When I taught at Illinois, there was an anecdote about professorial pay I found quite telling. At one time Professor A was the highest paid member of the faculty. Professor B got an offer to move laterally to a slightly higher ranked school. In the course of negotiations with the then Illinois dean, Professor B was offered a very substantial raise, but the Dean then committed the faux pas of remarking that he couldn't go higher because Professor A had to remain the highest paid professor on the faculty. Professor B left Illinois for the other school. Supposedly it was not the dollars that mattered, but the way his relative status was rubbed in his face.
The anecdote is interesting because it raises the question of whether absolute or relative pay matters with respect to job satisfaction and so on. To be sure, the right answer is probably that both matter, but my guess is that relative pay matters more.
My guess was further informed by another anecdote from my Illinois days. Faculty salaries were quasi-public. That is, they were available to the public, but to get them you had to go to the main campus library and request to see the annual report from the reference desk. A certain faculty member would annually do so, photocopy the law school pages, and circulate them to the entire faculty. He seemed very unhappy with his relatively low pay given his relatively high seniority.

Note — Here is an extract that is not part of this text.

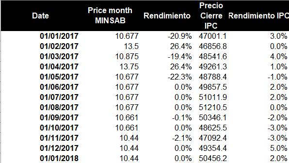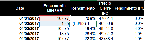 Una vez tengamos los precios de la emisora y del índice donde cotiza los ponemos en un nuevo excel.

There now seems to be some empirical evidence for the proposition that relative pay matters. A group of UC economists have posted to SSRN.com a paper entitled Inequality at Work: The Effect of Peer Salaries on Job Satisfaction:
Economists have long speculated that individuals care about both their absolute income and their income relative to others. We use a simple theoretical framework and a randomized manipulation of access to information on peers' wages to provide new evidence on the effects of relative pay on individual utility. A randomly chosen subset of employees of the University of California was informed about a new website listing the pay of all University employees. All employees were then surveyed about their job satisfaction and job search intentions. Our information treatment doubles the fraction of employees using the website, with the vast majority of new users accessing data on the pay of colleagues in their own department. We find an asymmetric response to the information treatment: workers with salaries below the median for their pay unit and occupation report lower pay and job satisfaction, while those earning above the median report no higher satisfaction. Likewise, below-median earners report a significant increase in the likelihood of looking for a new job, while above-median earners are unaffected. Our findings indicate that utility depends directly on relative pay comparisons, and that this relationship is non-linear.
The result is only partially consistent with my intuition. The idea that folks at the bottom of the relative pay scale are going to be unhappy is not surprising, of course. We all think we reside in Lake Wobegon, after all.
The apparent result that those above the median get no utility from being at the top end of the scale is somewhat surprising. Are the study's subjects all such good people that they get no utility from being better paid than their co-workers? This seems especially puzzling when one considers that UC faculty pay has a strong merit component, which means promotions have status symbol value. Indeed, money is pretty much the only counter academics have for measuring their success at competing for status. Being more highly paid thus means, at least to some extent, that you're more highly prized. And that ought to make one feel good. Right? (Which is why, of course, that money is the root of all evil.)
The full study is behind the NBER pay wall, so I haven't checked it out yet, but maybe the answer is that you have to be at the very top top to get utility from relative pay status.
So I wonder if Professor A was happy when B left?